Database Replication
here are several uses for replication. For Example, disaster recovery or for reporting (analysis).When used for Disaster Recovery, replication is generally setup between geographically dispersed data-centers. For example, you are hosting your servers with a hosting company that has multiple data centers located around the country. You can setup replication service which will allow your database to be replicated in one more data centers. If the database in your primary data center is inaccessible, traffic could be re-routed to the secondary data center.

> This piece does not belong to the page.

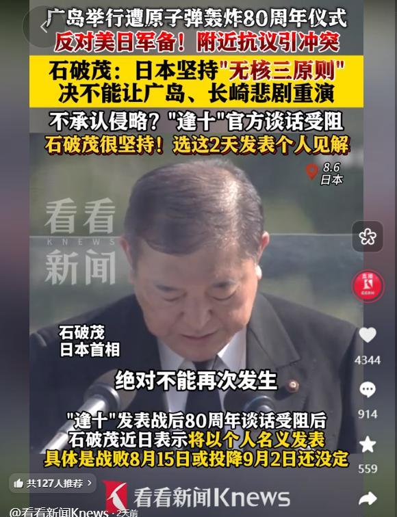 中国搞9.3阅兵,日本就搞广岛纪念!日本完全忽略对他国的侵略历史,并且声称自己是“受害者”? 每年的 9 月 3 日,中国都会举行隆重的阅兵仪式,为了铭记那段艰苦卓绝的抗日战争胜利史,缅怀在战争中牺牲的无数先烈,向世界宣告中国捍卫和平的决心。 而就在中国纪念胜利的时候,日本常常在相近的时间段举行广岛纪念活动,纪念 1945 年美军向广岛投放原子弹这一事件。 当地时间 2025 年 8 月 6 日,日本广岛县广岛市举行了遭原子弹轰炸 80 周年纪念仪式,日本首相石破茂出席了活动并发表致辞,他说决不能让广岛、长崎的悲剧再度发生,日本会坚持 “无核三原则”。 这话听着似乎没什么问题,可细究起来,却少了关键的一环,那就是日本为何会遭受这样的打击。 要知道,美军投放原子弹,正是因为日本发动了对外侵略战争,迟迟不肯投降,为了促使其尽快结束战争,才做出了这样的决定。 但在日本的纪念活动里,这种因果关系被刻意淡化了,他们更愿意强调自己是受害者,却对自己曾经给其他国家带来的灾难避而不谈。 中国搞 9.3 阅兵,铭记胜利与和平,日本就搞广岛纪念,强调自身受害,日本这种做法,完全忽略了对他国的侵略历史,还总把自己摆在受害者的位置上,这背后到底藏着什么心思呢? 中国举行 9.3 阅兵,是对历史的尊重,对先烈的告慰,也是向国民传递铭记历史、珍惜和平的理念,这有助于凝聚民族精神,让后代不忘过去的苦难,坚定维护和平的信念。 对于国际社会而言,中国的态度也为正确看待二战历史树立了标杆,提醒各国以史为鉴,避免战争重演。 而日本的广岛纪念,表面上是在反思战争带来的伤害,但实际上,一些势力却借此机会塑造日本的受害者形象,回避战争责任。 这对于日本国内来说,会让很多民众只看到自己国家遭受的苦难,而不了解日本侵略给其他国家带来的巨大灾难,长期下去,会扭曲民众的历史认知。 对于国际社会而言,日本这种回避责任的态度,也不利于各国之间真正实现和解,毕竟,只有正视历史,才能放下过去,走向未来。 日本强调受害者身份,说白了就是在刻意回避战争责任,二战期间,日本军国主义的铁蹄践踏了亚洲多个国家,给这些国家的人民带来了沉重的灾难。 南京大屠杀中,30 多万无辜同胞惨遭杀害,那一幕幕惨状,是历史永远无法抹去的伤痕。 可战后,日本的一些势力却在不断抵赖这些罪行,右翼势力把南京大屠杀轻描淡写地叫做 “南京事件”,甚至否认遇难者的人数,日本政府长期隐瞒 731 部队的罪行,还把它说成是 “战争医学研究机构”。 在慰安妇问题上,一些政治人物不仅否认日本侵略军实施的 “慰安妇” 制度,还在教科书中删除相关的关键字眼,试图抹去这段历史记忆。 他们在广岛、长崎核爆纪念日,东京大轰炸纪念日以及神风特攻队纪念日等活动中,反复强调自己的受害者立场,就是想让人们忘记他们曾经的加害行为。 甲午战争、日俄战争来说,教科书只介绍一些基本史实,却不分析战争的性质,避开了战争的阴暗面,反而着重阐述战争对近代日本所谓的 “有益面”,比如个人主义思想的高涨、不平等条约的废除、资本主义工业的迅速发展等。 对于侵华战争,一些教科书用 “日中战争” 这样的中性词汇,就是为了弱化其侵略性质。 在社会层面,一些宣扬日本军国主义、美化侵略战争的书籍、影视作品也时不时出现,这些东西会对民众尤其是青少年的历史认知产生很坏的影响。 与之形成鲜明对比的是,日本遭受原子弹轰炸等 “受害” 经历,在教育和社会宣传中被不断强化,这就使得日本民众对历史的认知越来越片面,只知道自己国家受了苦,不知道自己国家曾让别人吃了多少苦。 再看看中国的 9.3 阅兵和日本的广岛纪念,两者的本质区别,其实就体现在对待历史的态度上。 中国的 9.3 阅兵,是对历史的庄重铭记,每一个步伐,每一面旗帜,都在诉说着过去的抗争与牺牲,它向在抗战中牺牲的英烈致敬,也向全世界宣告中国捍卫历史真相、维护世界和平的坚定决心。 中国正视历史,不回避战争中遭受的苦难,更强调中国人民为抗击侵略所做出的巨大牺牲与贡献,这是一种对历史负责的态度。 而日本的广岛纪念,原本应该是一个深刻反思战争、汲取历史教训的契机,可在一些势力的操弄下,却变成了片面强调自身受害、回避战争责任的表演。 铭记历史不是为了延续仇恨,而是为了不让悲剧重演,这才是对待历史应有的态度。 【评论区聊聊】:日本要怎样做才能真正正视历史,获得受害国家人民的谅解呢?

Apart from the disaster recovery, another usage I have seen is that the data is periodically replicated from the primary server to the secondary server for running reports or heavy analysis. This way, you can run your reports, setup data cubes etc. on a secondary server while the primary server is mainly for online transaction processing.
Key difference between Transaction Log shipping, Mirroring and Replication is that the secondary databases in both log shipping and mirroring are in standby mode and are mostly unusable but in replication both primary and secondary databases are active.
Replication can be configured in several ways such as...
- Snapshot - Data is simply copied from the main server to the one or more secondary servers, sometime even to a secondary database on the same server.
- Merging Replication - Data from two or more databases is merged into a single database
- Transactional Replication - Full initial copies of the databases are configured on one or more secondary servers and then periodic updates are applied.
Distributed database management system ensures that any inserts/updates/deletes that are performed on the data in one location are automatically synched with other locations.
There are two types of replication - Synchronous and Asynchronous. In Synchronous mode, the data is replicated on both primary and secondary server(s) at the same time, while in asynchronous replication, there is a delay before data is written to the secondary server. While asynchronous is a better option for performance reasons, a data loss could occur in case of a disaster.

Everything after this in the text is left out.